What AI Exposed About Iterative Development

We usually think of software development as this super intentional process where every little choice – like field names, validation rules, or the UI layout – is completely deliberate.

But… we’ve all been there. We all know that’s not quite true in real development situations.

Software usually grows through a bunch of assumptions. Some we talk about, some we don’t recognize, and most of them seem totally reasonable at the time.

Iterative development gives us lots of benefits – from shipping fast so we can test things, to constantly verifying our app’s real life behaviors in front of real life users, to making sure we can pivot quickly when needed.

But iterative development also requires us to keep track of the assumptions we’re making, shift those when needed, and, potentially, recognize whether (and when) we need to rethink an earlier approach when more and more requirements and pivots come in. We tend to refer to those cases as “sunk cost fallacies”, or “loss aversion”, or “decision blindness”. There are books and books out there talking about how to avoid falling into these – because they’re normal for the industry. They’re hard to avoid, and when they happen, they’re hard to overcome.

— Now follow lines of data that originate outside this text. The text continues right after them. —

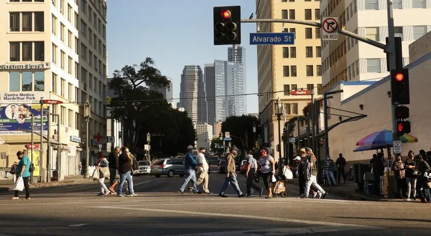 图:南加州走在街头的人们 (来源:洛杉矶时报)
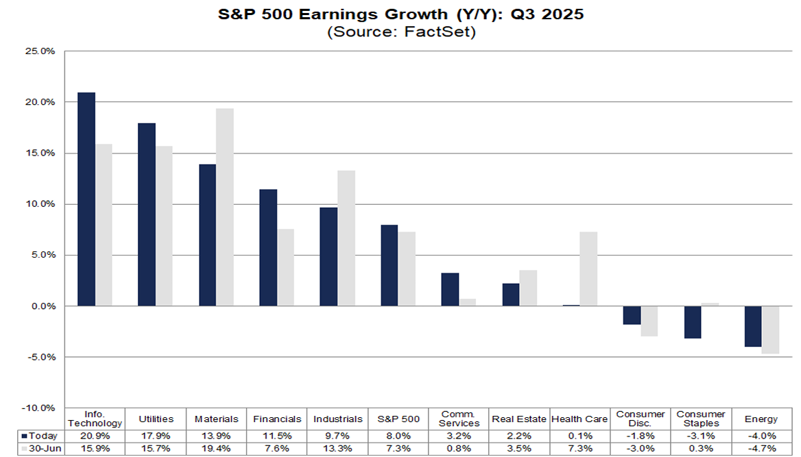 Sector-specific analysis indicates that five sectors are projected to see a y/o/y increase in their net profit margins for Q3 2025 compared to the same period in 2024. Utilities is expected to lead this growth with a 1.6 percentage point rise, moving from 14.8% to 16.4%.
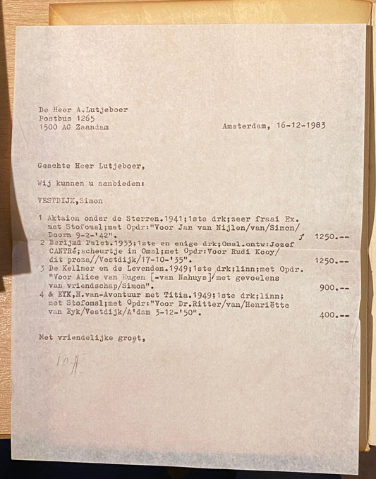 Simon Vestdijk, Vrouwendienst. Verzen. Rotterdam, Nijgh en Van Ditmar, 1934

Iterating fast on a piece of software also makes us lean towards prioritizing smaller changes over bigger ones, which is understandable, but if each iteration carries assumptions with it, it’s gets harder and harder to keep track on dependent and resulting assumptions, and which may need to be reassessed.

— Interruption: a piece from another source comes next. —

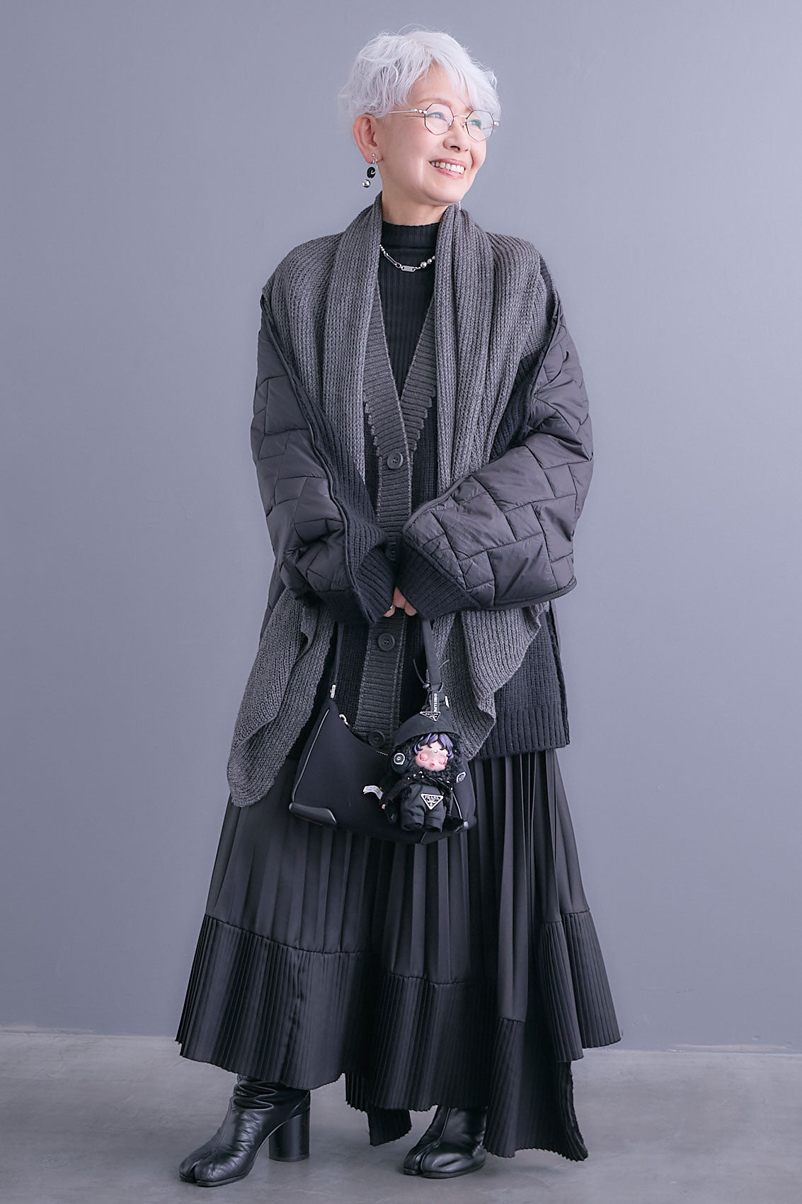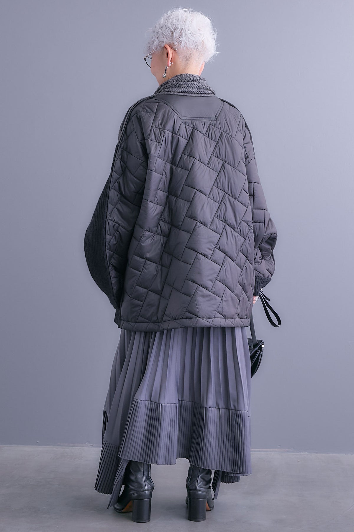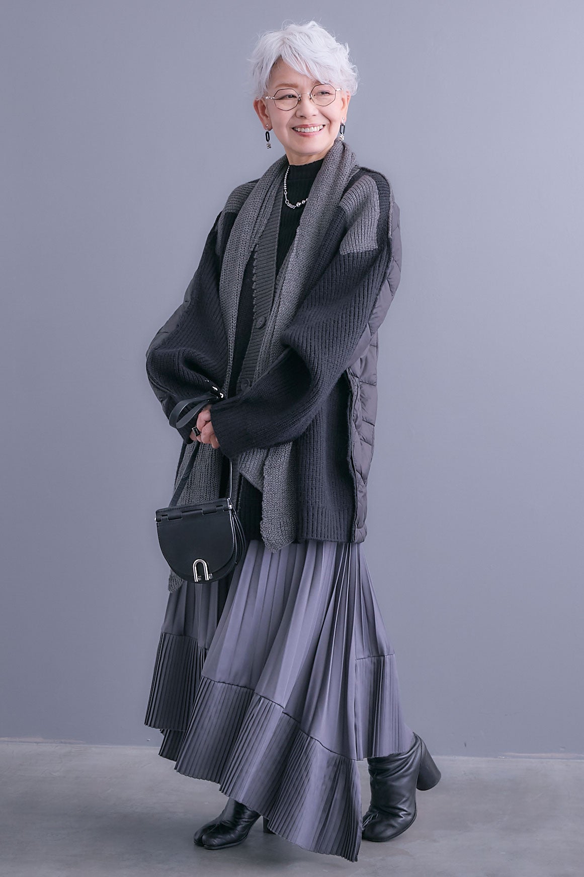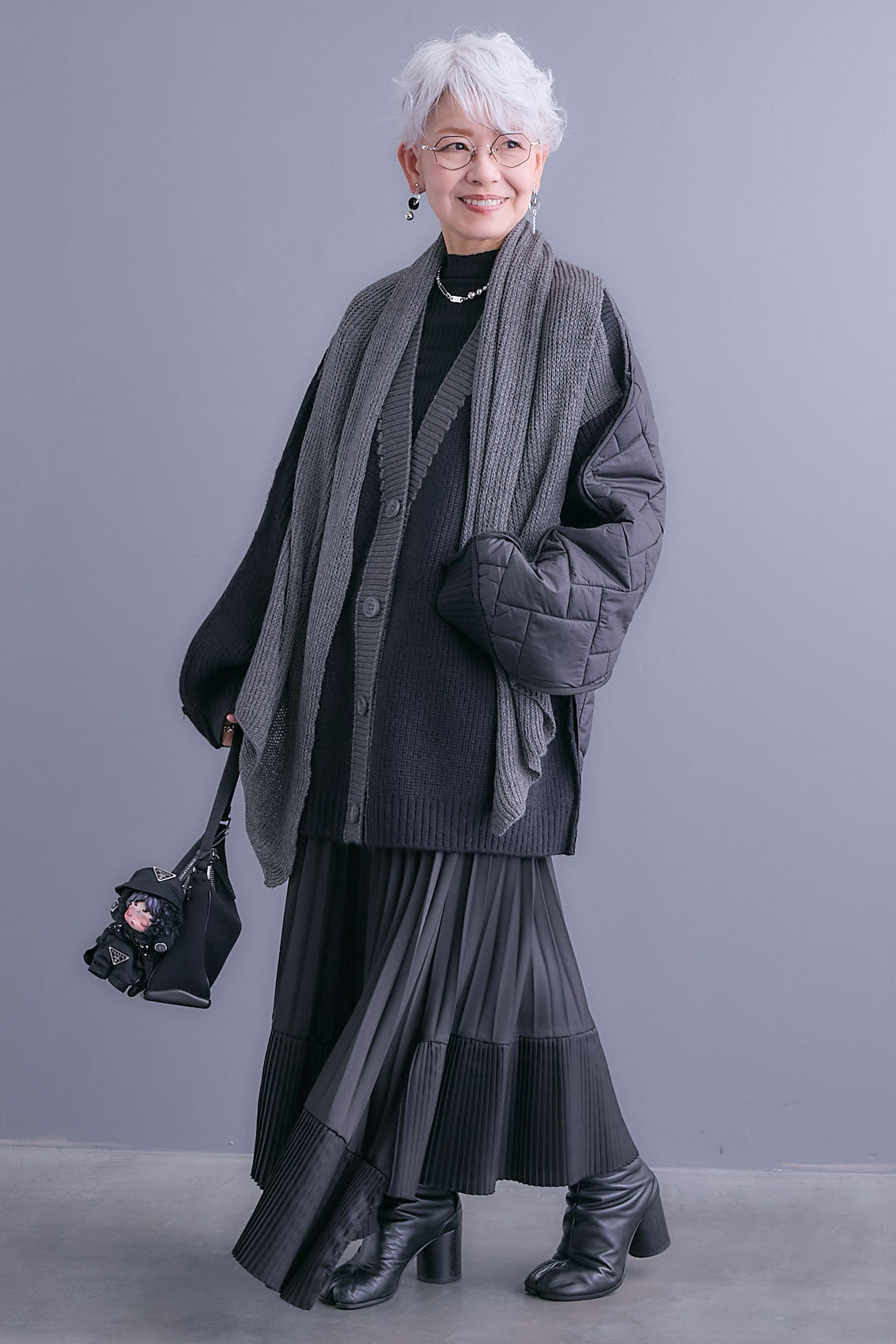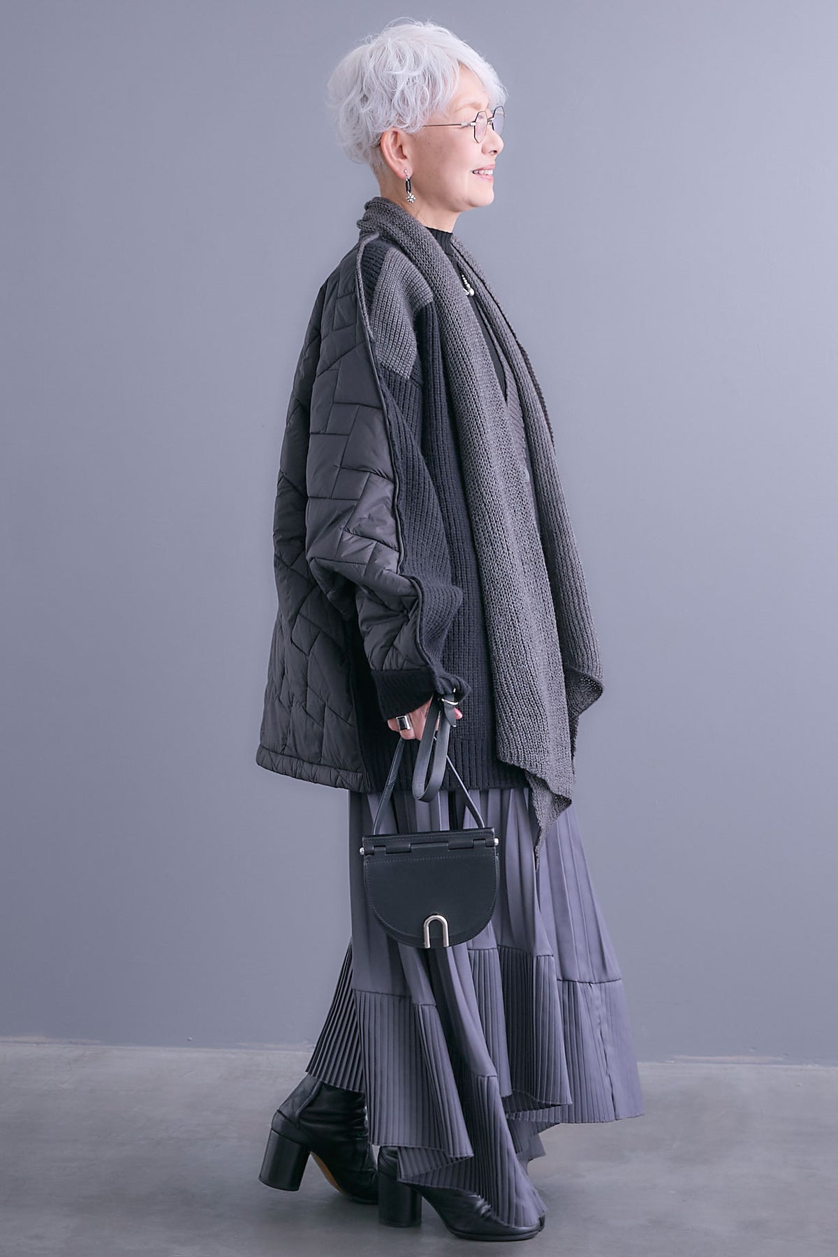 【SET】バックキルティングローゲージニットカーディガン【ストール付き】+アシンメトリープリーツスカート(2set)

Some of the eventual requirements are really hard to anticipate in advance.
And some get hard to fix and implement later.

… Like localization concerns.

Watch the full experiment here:

Experiment: Reviewing Gen AI iterative assumptions

So, I ran a little experiment: I had a generative AI build an application piece by piece.

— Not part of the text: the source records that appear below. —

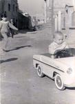 1966. Carrer Pérez Galdós. Fons: Ginesa Zamora Martínez Data: 24/11/08 Foto situada al Cer. Perez Galdos cantonada Cer. Europa debant torre de Radio Gloria en la foto la Ginesa Zamora en brassos el fill Bartolome i els nebots Diego i Dami
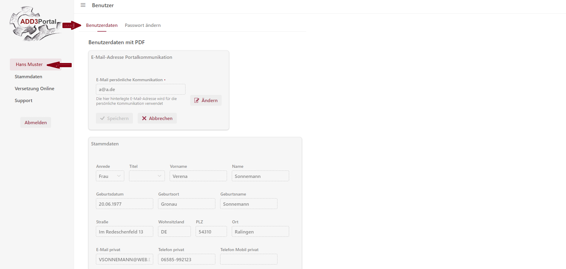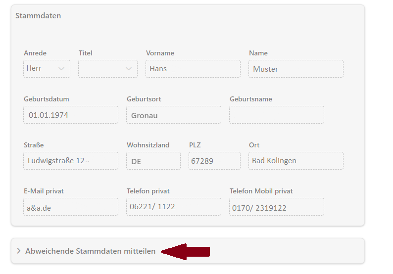 und im Reiter „Benutzerdaten“ nach unten scrollen. Dort den Menüeintrag „Abweichende Stammdaten“ anklicken.
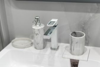 • Интерьер: выполнен в современном минималистичном стиле с акцентом на практичность и эстетичность. Мягкие светлые оттенки и лаконичные формы подчеркивают комфорт.
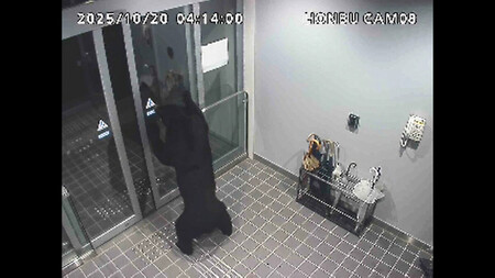 〔写真説明〕消防本部に侵入し、玄関から出ようとするクマ=10月20日、秋田県湯沢市(湯沢雄勝広域市町村圏組合消防本部提供)
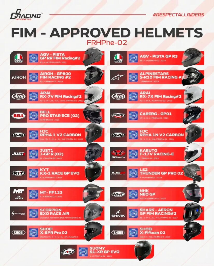 Ao escolher um capacete da lista FRHPhe-02, o motociclista está adquirindo o mesmo nível de proteção de pilotos como Francesco Bagnaia ou Fabio Quartararo.
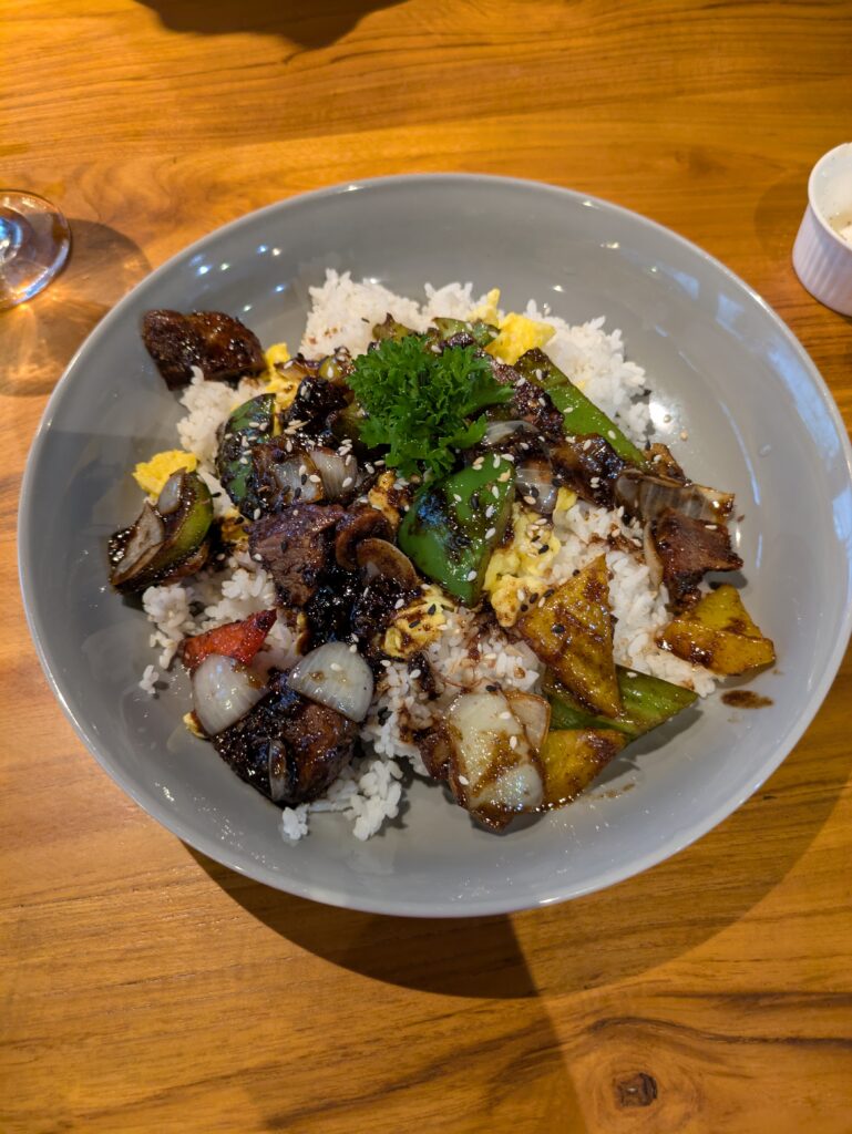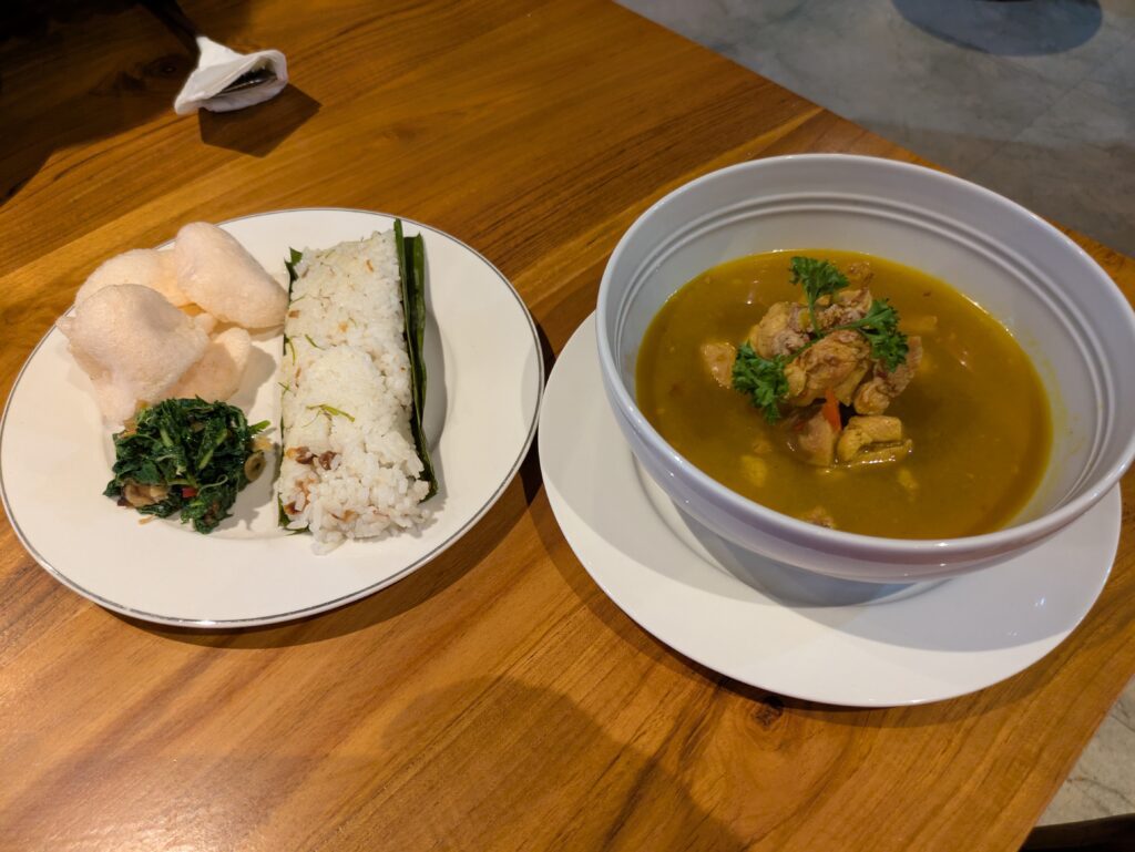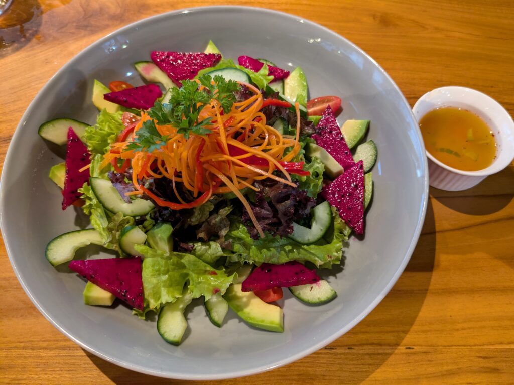 A couple of hours later we walked to find the local place, we had scouted out. The place was called Wiri’s Eatery. We ordered a Fresh Garden salad with lettuce, carrot, tomato, cucumber, avocado, and dragon fruit with a passion fruit dressing; Balinese Ayam Timbungan, which is a soup of chicken & spices cooked in bamboo, served with grilled coconut rice and a condiment of crispy melinjo; and Banh Mi Rice Bowl, which was a rice bowl with stir-fried pork belly, onion, peppers, and scrambled egg. The food was presented well, very good, and yummy!! 😋 I had an iced ginger tea and Jeff had an Arak mojito. We paid 251,763 IDR, or $15.26.

I gave really vague, open-ended instructions, the kind you hear all the time early in a project: “add a user profile”, “make it possible to add a user” or “add a feature to allow the user to set how they want to be referred.”

The twist was what I asked every single time: I made the AI spell out all the assumptions it was making, flag any ambiguities it recognized, and explain how it decided to resolve them. It’s a level of systematic self-reflection that rarely gets documented or explored, regardless of AI.

Goal 1: Expose (and examine) iterative assumptions

The main goal was to watch those decisions being made in real-time, and see how initial assumptions influence later work.

I wanted to see how the small, often silent, choices–both explicit and implicit–quietly mold the system’s architecture, basically deciding what’s going to be a simple fix or a huge headache later.

Goal 2: What happens when we “localize later”

A secondary goal was testing how localization (all the stuff like identity, language, text direction, and culture) gets worked in over time. Teams often put off localization, saying, “we’ll deal with it later.” I deliberately copied that real-world habit by just dropping localization requests into the development prompts as we went, instead of having a detailed plan from the start.

Gen AI is a statistical mirror

The AI’s results were an impressive mixed bag: sometimes it was surprisingly good at spotting future problems – better than many industry practices, actually – and other times it made assumptions that it had to pay for later. All of it was illuminating.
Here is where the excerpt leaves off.